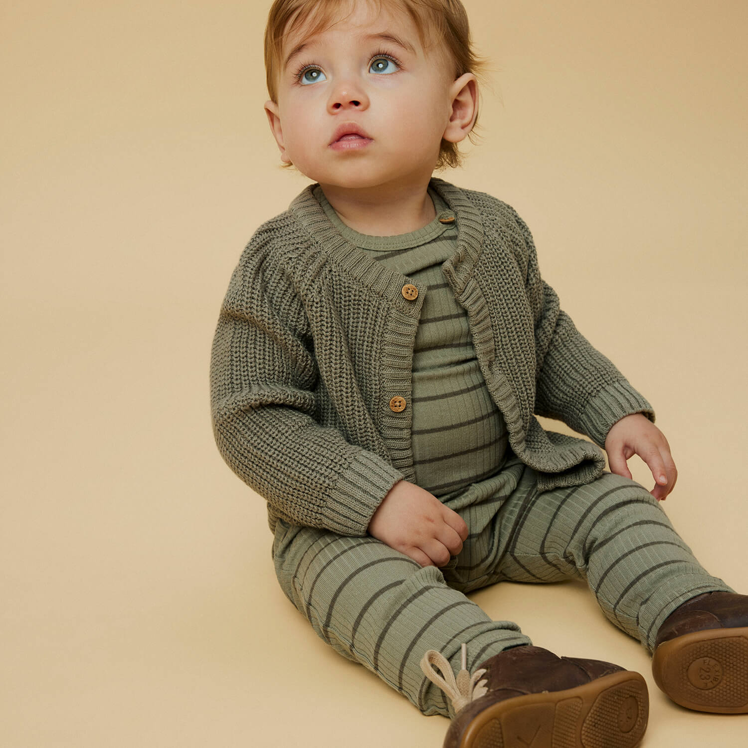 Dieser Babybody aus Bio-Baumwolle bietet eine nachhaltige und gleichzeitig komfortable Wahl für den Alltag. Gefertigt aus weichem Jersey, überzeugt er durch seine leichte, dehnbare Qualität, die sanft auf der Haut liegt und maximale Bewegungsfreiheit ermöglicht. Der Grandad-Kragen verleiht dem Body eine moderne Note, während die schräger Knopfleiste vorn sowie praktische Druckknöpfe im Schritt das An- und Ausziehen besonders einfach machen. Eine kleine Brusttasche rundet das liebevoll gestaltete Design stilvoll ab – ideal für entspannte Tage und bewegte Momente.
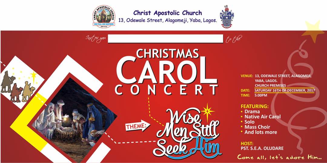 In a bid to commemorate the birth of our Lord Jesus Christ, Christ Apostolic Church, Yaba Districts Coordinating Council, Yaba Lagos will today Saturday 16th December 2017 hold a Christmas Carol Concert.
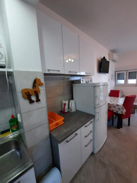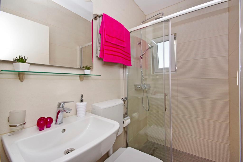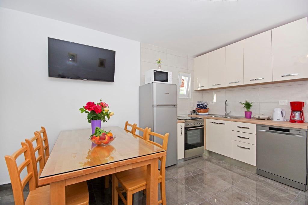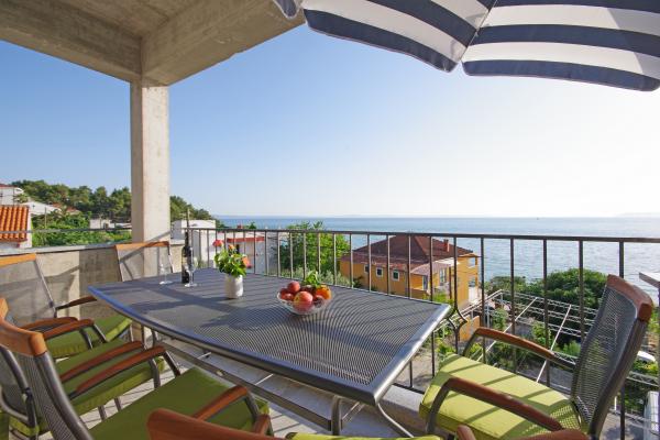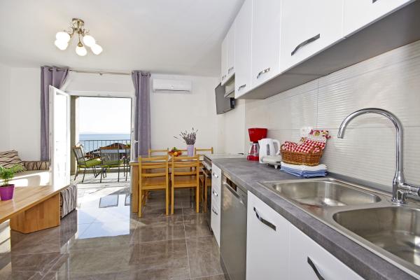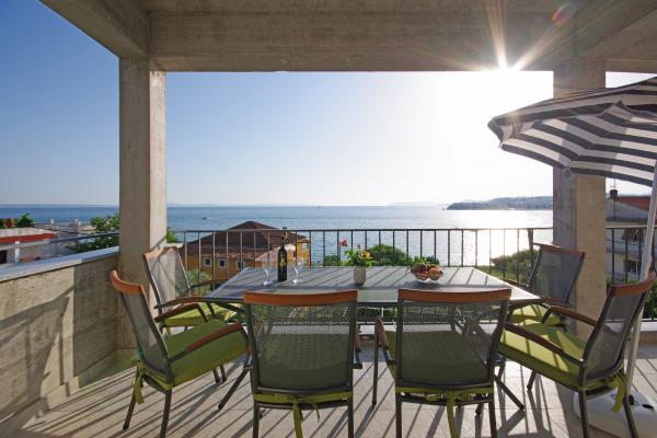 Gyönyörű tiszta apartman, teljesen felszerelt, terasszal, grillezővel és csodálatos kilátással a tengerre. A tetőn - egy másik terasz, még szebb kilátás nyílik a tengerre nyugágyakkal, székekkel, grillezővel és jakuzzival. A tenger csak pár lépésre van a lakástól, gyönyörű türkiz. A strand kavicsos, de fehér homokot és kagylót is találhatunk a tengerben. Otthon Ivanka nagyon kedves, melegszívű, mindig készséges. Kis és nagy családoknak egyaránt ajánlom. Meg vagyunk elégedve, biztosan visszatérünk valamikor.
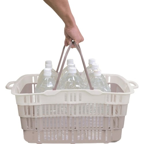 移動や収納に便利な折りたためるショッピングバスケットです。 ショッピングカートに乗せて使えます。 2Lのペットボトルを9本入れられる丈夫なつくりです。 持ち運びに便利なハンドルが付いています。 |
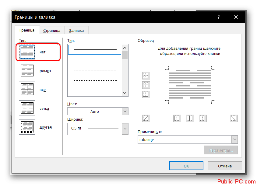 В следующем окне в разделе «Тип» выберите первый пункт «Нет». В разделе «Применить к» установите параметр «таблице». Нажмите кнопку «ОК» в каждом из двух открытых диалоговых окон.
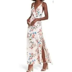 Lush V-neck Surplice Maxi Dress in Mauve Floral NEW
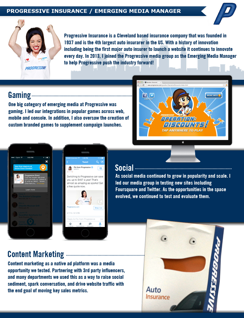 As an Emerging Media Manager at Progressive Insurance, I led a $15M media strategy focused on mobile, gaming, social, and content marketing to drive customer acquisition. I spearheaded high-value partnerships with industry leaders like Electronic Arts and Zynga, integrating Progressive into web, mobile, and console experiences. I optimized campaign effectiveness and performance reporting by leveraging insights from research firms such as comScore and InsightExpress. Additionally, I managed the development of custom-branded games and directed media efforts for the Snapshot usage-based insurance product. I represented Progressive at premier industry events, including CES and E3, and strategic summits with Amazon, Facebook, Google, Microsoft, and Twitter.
============
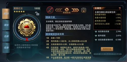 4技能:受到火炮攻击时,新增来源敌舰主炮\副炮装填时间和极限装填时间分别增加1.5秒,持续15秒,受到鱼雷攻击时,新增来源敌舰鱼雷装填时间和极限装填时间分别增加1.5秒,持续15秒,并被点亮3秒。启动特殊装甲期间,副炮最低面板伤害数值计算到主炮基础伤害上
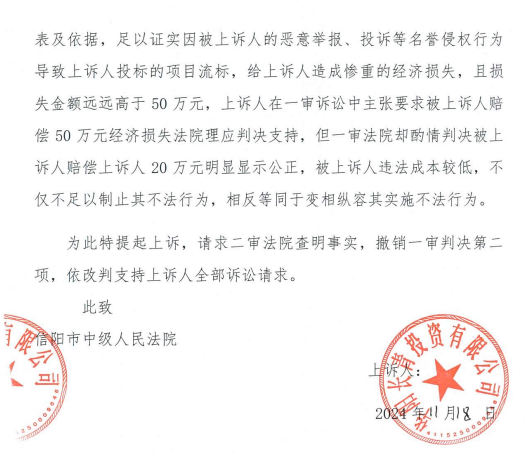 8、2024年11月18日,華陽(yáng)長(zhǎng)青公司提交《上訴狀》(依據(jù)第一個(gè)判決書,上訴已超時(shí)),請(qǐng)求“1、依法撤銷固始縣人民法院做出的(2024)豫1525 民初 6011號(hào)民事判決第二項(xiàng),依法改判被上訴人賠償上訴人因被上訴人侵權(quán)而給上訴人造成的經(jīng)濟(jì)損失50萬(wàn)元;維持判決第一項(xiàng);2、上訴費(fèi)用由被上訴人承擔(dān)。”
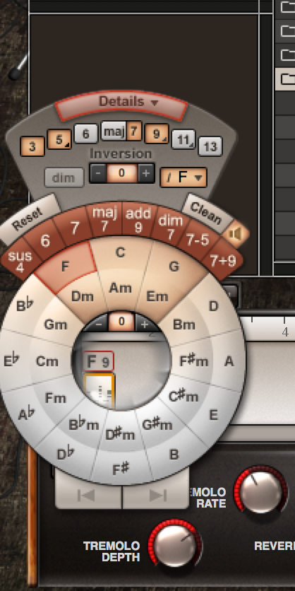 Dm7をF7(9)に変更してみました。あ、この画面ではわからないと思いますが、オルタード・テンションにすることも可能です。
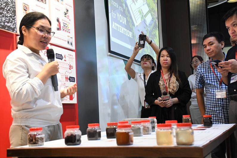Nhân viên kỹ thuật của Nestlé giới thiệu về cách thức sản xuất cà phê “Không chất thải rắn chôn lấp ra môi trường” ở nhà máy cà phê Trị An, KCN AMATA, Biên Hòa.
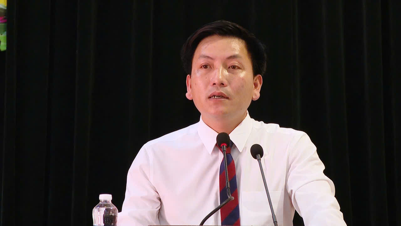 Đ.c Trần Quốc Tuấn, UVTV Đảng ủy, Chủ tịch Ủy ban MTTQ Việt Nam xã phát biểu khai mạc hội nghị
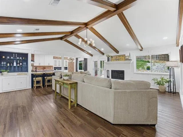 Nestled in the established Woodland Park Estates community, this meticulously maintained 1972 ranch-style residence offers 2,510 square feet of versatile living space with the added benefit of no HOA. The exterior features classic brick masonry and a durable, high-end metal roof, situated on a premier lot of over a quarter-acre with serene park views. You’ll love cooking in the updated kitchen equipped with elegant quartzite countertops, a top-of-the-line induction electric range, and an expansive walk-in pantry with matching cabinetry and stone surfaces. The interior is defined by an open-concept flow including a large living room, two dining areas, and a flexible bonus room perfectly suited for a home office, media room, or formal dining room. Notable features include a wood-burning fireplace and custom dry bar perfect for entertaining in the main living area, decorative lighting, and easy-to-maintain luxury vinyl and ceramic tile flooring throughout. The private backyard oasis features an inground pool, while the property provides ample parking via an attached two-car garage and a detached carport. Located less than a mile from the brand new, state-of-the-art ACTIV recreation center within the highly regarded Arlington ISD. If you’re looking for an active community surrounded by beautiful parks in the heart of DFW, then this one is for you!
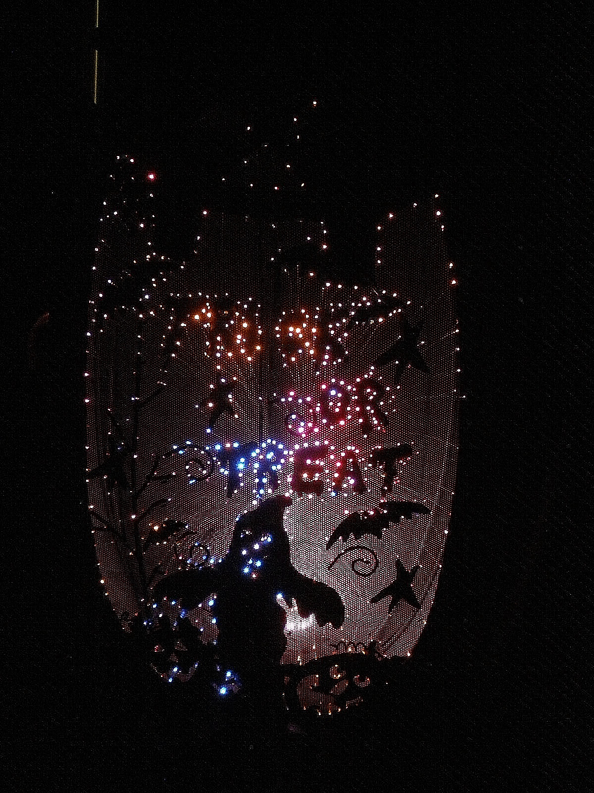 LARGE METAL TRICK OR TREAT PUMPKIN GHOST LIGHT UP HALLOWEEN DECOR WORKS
============
# Work instruction
The lines above from the line with "Nestled in the" through the line with "LARGE METAL TRICK" are to be given again word for word, with no pictures among them.

# Response box
 Nestled in the established Woodland Park Estates community, this meticulously maintained 1972 ranch-style residence offers 2,510 square feet of versatile living space with the added benefit of no HOA. The exterior features classic brick masonry and a durable, high-end metal roof, situated on a premier lot of over a quarter-acre with serene park views. You’ll love cooking in the updated kitchen equipped with elegant quartzite countertops, a top-of-the-line induction electric range, and an expansive walk-in pantry with matching cabinetry and stone surfaces. The interior is defined by an open-concept flow including a large living room, two dining areas, and a flexible bonus room perfectly suited for a home office, media room, or formal dining room. Notable features include a wood-burning fireplace and custom dry bar perfect for entertaining in the main living area, decorative lighting, and easy-to-maintain luxury vinyl and ceramic tile flooring throughout. The private backyard oasis features an inground pool, while the property provides ample parking via an attached two-car garage and a detached carport. Located less than a mile from the brand new, state-of-the-art ACTIV recreation center within the highly regarded Arlington ISD. If you’re looking for an active community surrounded by beautiful parks in the heart of DFW, then this one is for you!
 LARGE METAL TRICK OR TREAT PUMPKIN GHOST LIGHT UP HALLOWEEN DECOR WORKS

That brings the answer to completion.